RRA fair tax regime, accountable leadership building compliance

It is no surprise that a country with the most conducive environment to start and operate a business enterprise can also have the highest tax compliance rate, because paying taxes is part of doing business.
Edward Ojulu
Edward Ojulu

It is no surprise that a country with the most conducive environment to start and operate a business enterprise can also have the highest tax compliance rate, because paying taxes is part of doing business.

According World Bank Doing Business in the East African Community (EAC) report for 2013, Rwanda has the highest tax compliance rate in the region—meaning fewer Rwandans and their businesses are likely to evade paying taxes.

Taxation is as old as the state because wherever state authority exists, taxes must be paid by the people as there is no government that can function without taxes.

Paying taxes is therefore an obligation that every citizen must undertake so as to pool together resources a government uses to plan and deliver services for the common good.

This is important because citizens cannot individually build their own roads, schools and hospitals or take care of their own security. These are state functions.

Out of 185 countries surveyed globally, Rwanda is ranked number 25 in tax compliance. This means that not only is the country having the best tax compliance rate in the region, but also among the top 25 countries in the world where citizens see paying taxes as a civic duty.

This sense of responsibility to the nation among Rwandan tax payers did not come on a silver plate. It is a result of mainly two things. The first one is an arguably fair and efficient tax regime that the Rwanda Revenue Authority (RRA) has built over time.

One of the major characteristics of a good tax regime is the relative ease with which taxpayers can meet their obligations without any hassle or un­necessary red tape.

The RRA has invested heavily in the process of easing payment of taxes through innovations such as electronic payment. For example, it is possible these days for accountants to file VAT returns for their companies electronically from the comfort of their offices without the need to travel to RRA offices.

A taxpayer can now declare and pay taxes online through the e-filing and e-payment system by simply downloading a form from RRA website, fill in and send it to RRA by email. Several banks now receive electronic tax payments on behalf of RRA.

The second reason tax compliance is highest in Rwanda has much to do with accountability of the leadership.

Naturally, individual and business entities don’t like paying taxes because it is seen as a cost and sometimes as burdensome. Yet for citizens to willingly pay taxes, they expect to see returns in form of tangible services.

Through a clear budgeting process that sets priorities, the ministry of finance has been able to show Rwandans how their money is spent.  Ordinary people may not understand such abstract concepts such as 7.5 per cent GDP growth, rising per capita incomes and declining inflation. However, they care very much about tangible things—medicine in hospitals, paved roads, bursaries for needy university students, electricity and water.

Those in rural areas who live on agriculture care about water to irrigate gardens when drought hits, fertilizers and agricultural extension services.

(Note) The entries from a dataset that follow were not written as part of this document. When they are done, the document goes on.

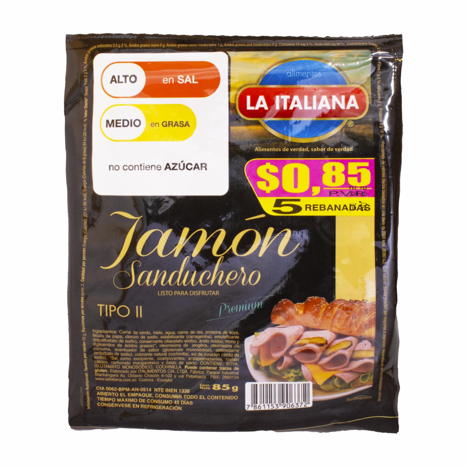 Jamón Sanduchero Premium Tipo II LA ITALIANA 85 G
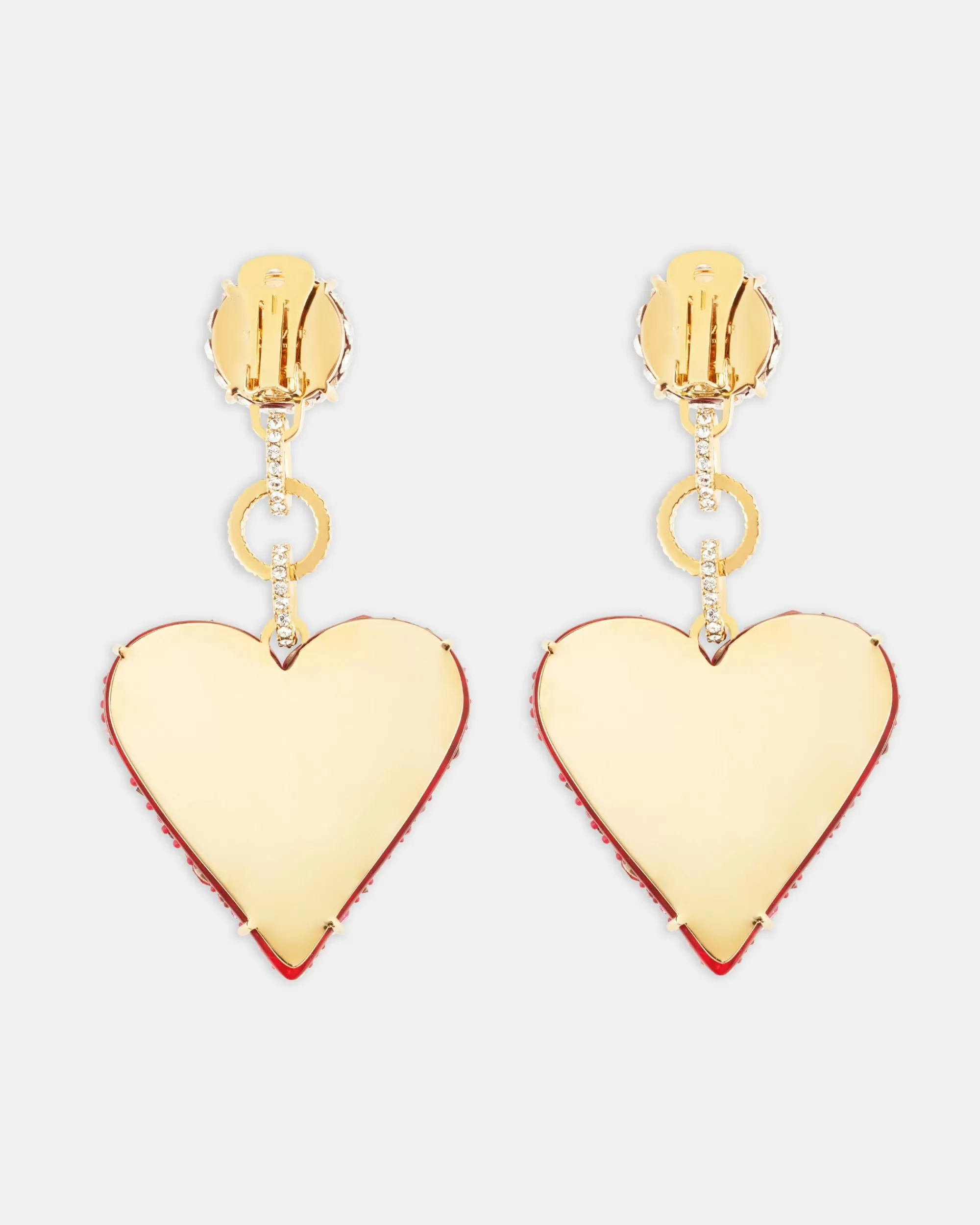 Wear your heart boldly in our Love Me Earrings. Designed from gold-toned brass and strass, the drop style features an enchanting heart in brilliant shades of red. Keep them on display with a chic, low ponytail.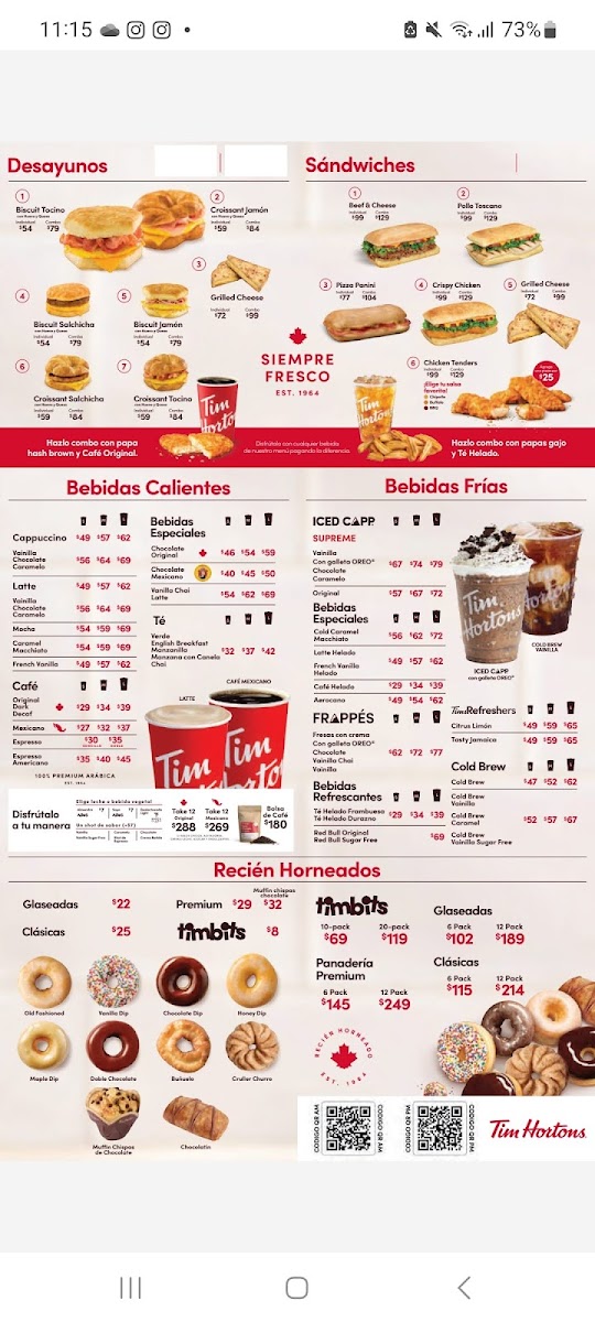 Welcome to Tim Hortons Ordoñez, a delightful café located in the heart of Santa Catarina, Mexico. This energetic spot brings a blend of classic café culture and contemporary taste. The menu features an array of delicious options that cater to both coffee enthusiasts and food lovers.

Therefore, through successful programmes such as ‘one cow per Poor family, eradication of Nyakatsi (grass-thatched houses), increased access to clean water, medical and education services  that resulted in more than one million more Rwandans emerging out of abject poverty last year, the government  has been able to provide full accountability to the people.

Rwandans therefore have every reason to pay taxes because there is evidence of how the money is spent at the end of every financial year with new roads being built, streets being swept every day, new water projects coming up etc.

With a fair and simple tax payment system under an accountable leadership, the motivation to pay tax and contribute to national development is always high. It is a lesson that should be learned by all who aspire for leadership.